Nel walked into Beechnut Park. The colored cemetery was there. She visited the graves of Plum, Hannah, Sula, and now Pearl. For years, she had thought well of Eva. But now she wondered if the townspeople had been right all along in calling Eva mean. Eva hadn’t gone to Sula’s funeral, which Nel had mistaken for her inability to see her granddaughter lowered into a grave. In fact, no one from the Bottom had gone to her funeral. It was white people who had washed Sula’s body, dressed her, prepared her, and lowered her into the ground. Only after the white people left and Sula was buried did the Black people arrive to sing “Shall We Gather at the River” at her grave.
Nel left the cemetery. On her way out, she passed Shadrack. He was “shaggier, a little older, and still energetically mad” (173). He glanced at her. Then, he stopped and tried to remember where he had last seen her. However, the effort to remember was too much, so he moved along. It had been many years since he had sold fish, due to the river killing them all. Now, he hauled garbage for Sunnydale.

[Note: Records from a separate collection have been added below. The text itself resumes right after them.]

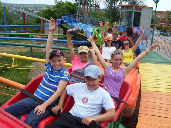 Рядом с панорамой расположились разные аттракционы, куда мы направились дружной гурьбой. Ребята катались на аттракционах, и я увидела, что им радостно, хорошо и по-детски весело.
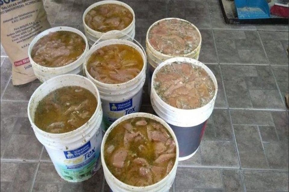 En total fueron secuestrados 150 kilos de pechugas de pollo distribuidos en siete baldes de pintura de 20 litros, dentro de los cuales había preparada una mezcla de huevo y condimentos.
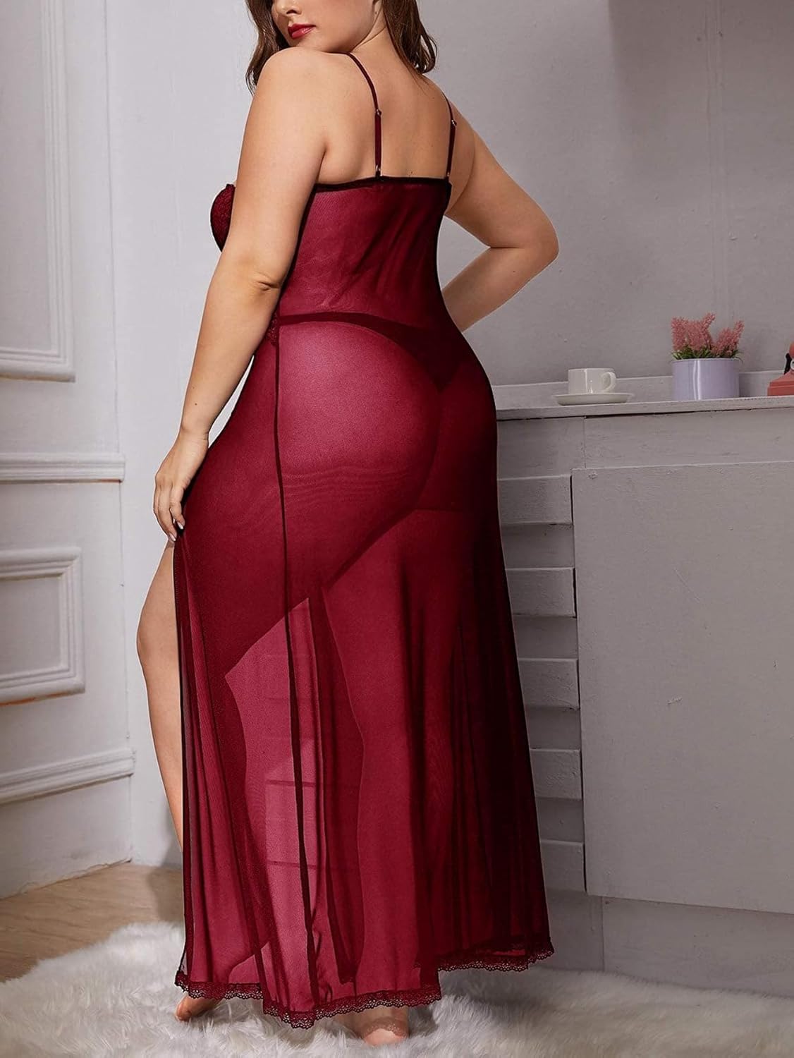 Xivir Women’s Plus Size Split Long Mesh Lingerie Dress Babydoll Chemise Sleepwear Side Slits
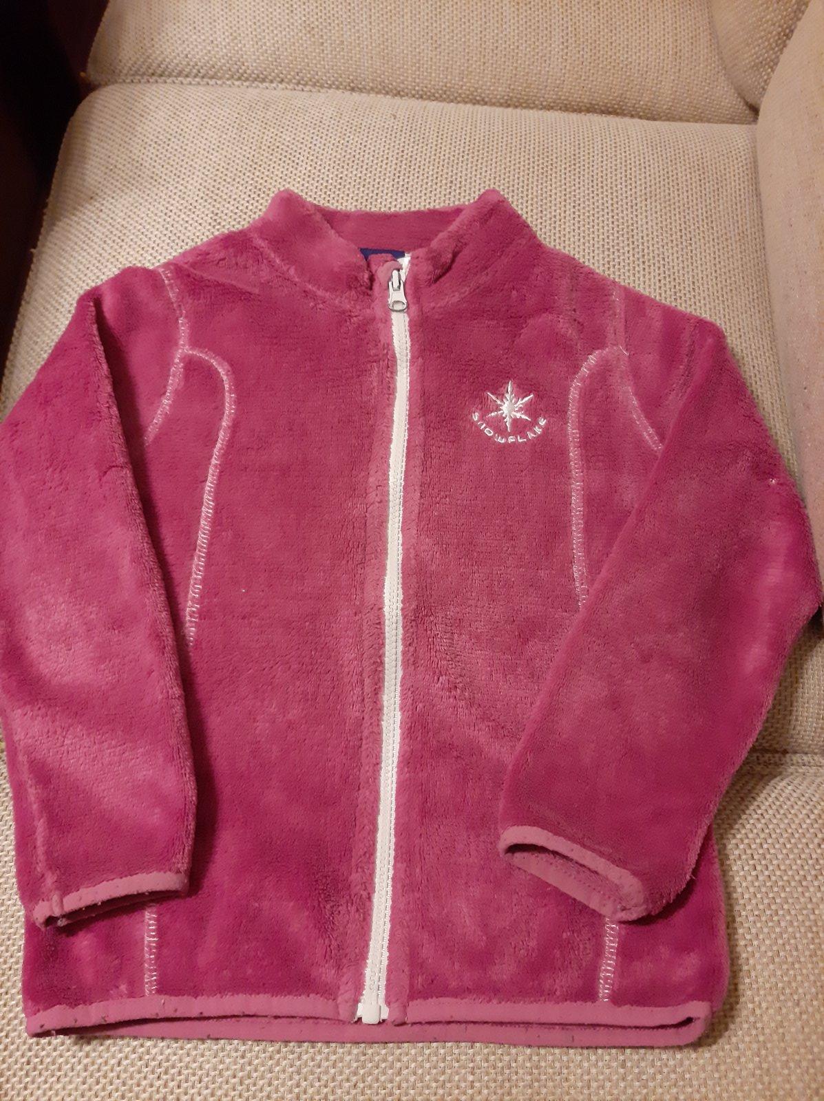 Syte ruzova flisova mikina se stojackem, velmi prakticka a hrejiva, vel.110/116.velmi pekny stav bez vad,jen par zmoliku na lemu a trochu odreny tahacek zipu, zohledneno v cene.
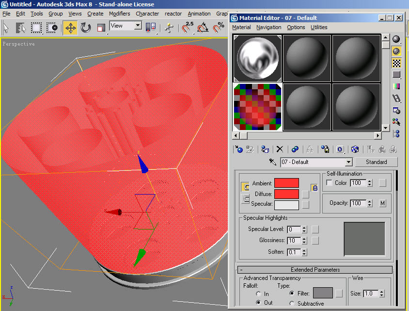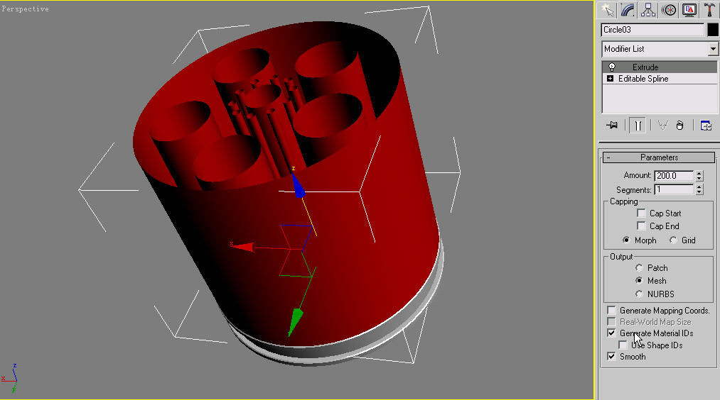 (6)为其执行“Extrude(挤出)”修改器,并去掉其顶面和底面效果,参数及效果如图1-6所示。
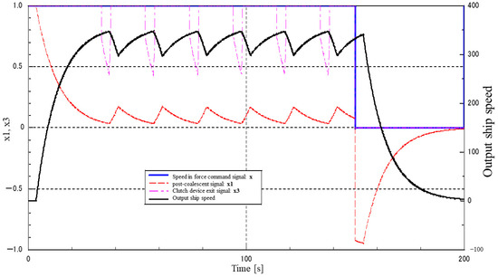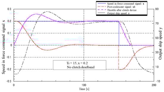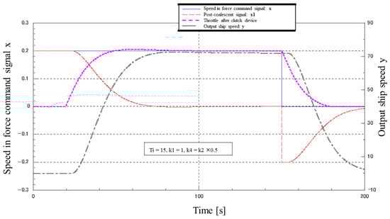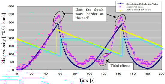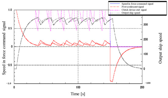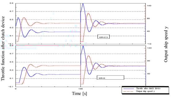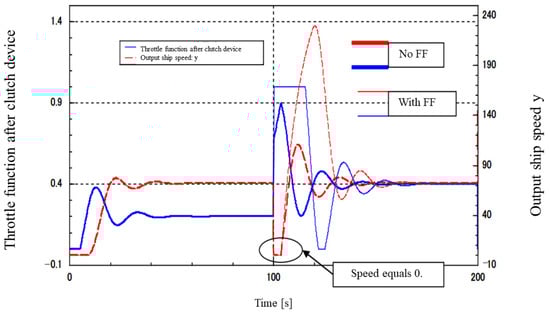 Figure 28 shows the superimposed waveforms with and without the disturbance FF. With the disturbance FF, the clutch signal reaches its maximum value at a high speed because the disturbance signal is fed directly into the clutch. However, there is no change in the time when the ship comes to a stop, perhaps due to wasted time, and the subsequent waveforms oscillate more significantly with FF. The above results show that the addition of the disturbance FF did not have any effect on the disturbance.
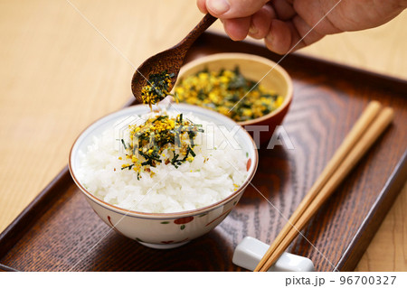 ふりかけをかけたご飯 たまごのふりかけご飯 ご飯の友 ご飯のお供 食文化 イメージ素材
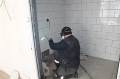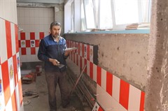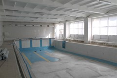 Идут работы в бассейне «Золотая рыбка». Как пояснил представитель компании, выполняющей ремонт, по периметру верхней части борта чаши бассейна делается монтажная полоса из жести с напылением ПВХ. Затем поверхность чаши будет оклеена биотекстилем – выполнена так называемая подложка. Потом будет сделано гидроизоляционное покрытие из пленки ПВХ – оно «приваривается» горячим воздухом к монтажной полосе – получается абсолютно герметичное соединение. Все работы займут порядка двух недель.
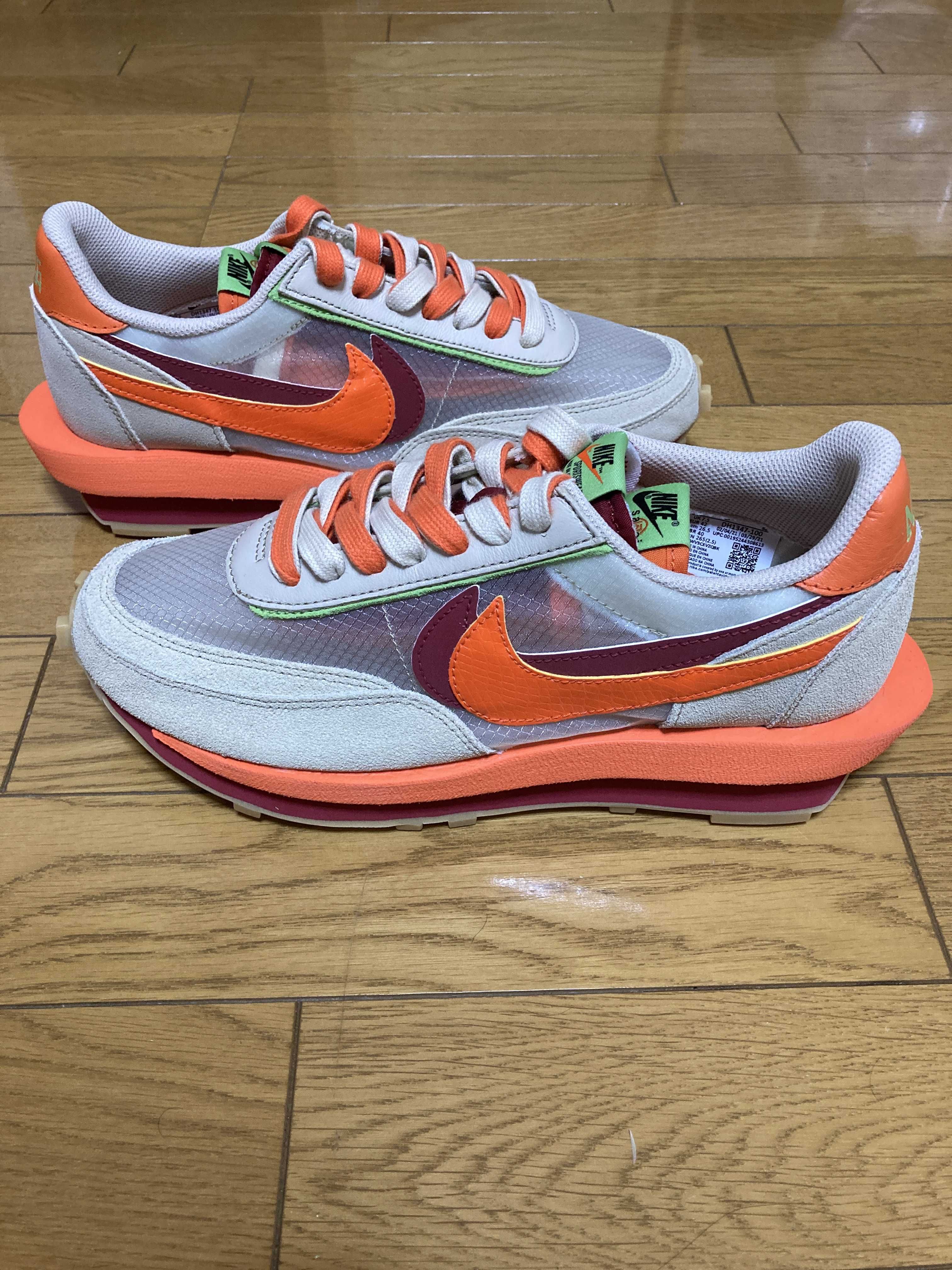 CLOT × Sacai × Nike LD Waffle "Orange Blaze"

Going in her own direction, Nel suddenly stopped. She felt a twitch and burn in her eye. She called Sula’s name and gazed “at the tops of trees” (174). Talking aloud to no one, she said, for so many years, it was Jude whom she thought she had missed. Nel collapsed into a wail of despair for the friendship she had lost.
The final chapter starts in the year in which the Voting Rights Act passed, and one year after the Civil Rights Act passed, ending legal segregation in public spaces. This also resulted in both a steady decline in activism and the disintegration of many traditionally Black communities. Morrison describes shifts in Medallion with the purpose of making that point.
Now 55, Nel gives up on acknowledging that she still had any right to desire. Considering herself old, which she likely connected to her being beyond child-bearing years, she neglects any interest she may have had for companionship and resigned herself to loneliness. She alleviates this by focusing on the care of others, indicated by her visit to Eva.
During the visit, Eva, who suffers from dementia, emphasizes her perspective that Nel and Sula were one and the same during their girlhood. Nel forgot that when she married Jude, privileging her relationship with him over the one with her dearest friend. Nel’s choice was the conventional one, but it required her neglecting key aspects of herself that Jude had no interest in either nurturing or seeing.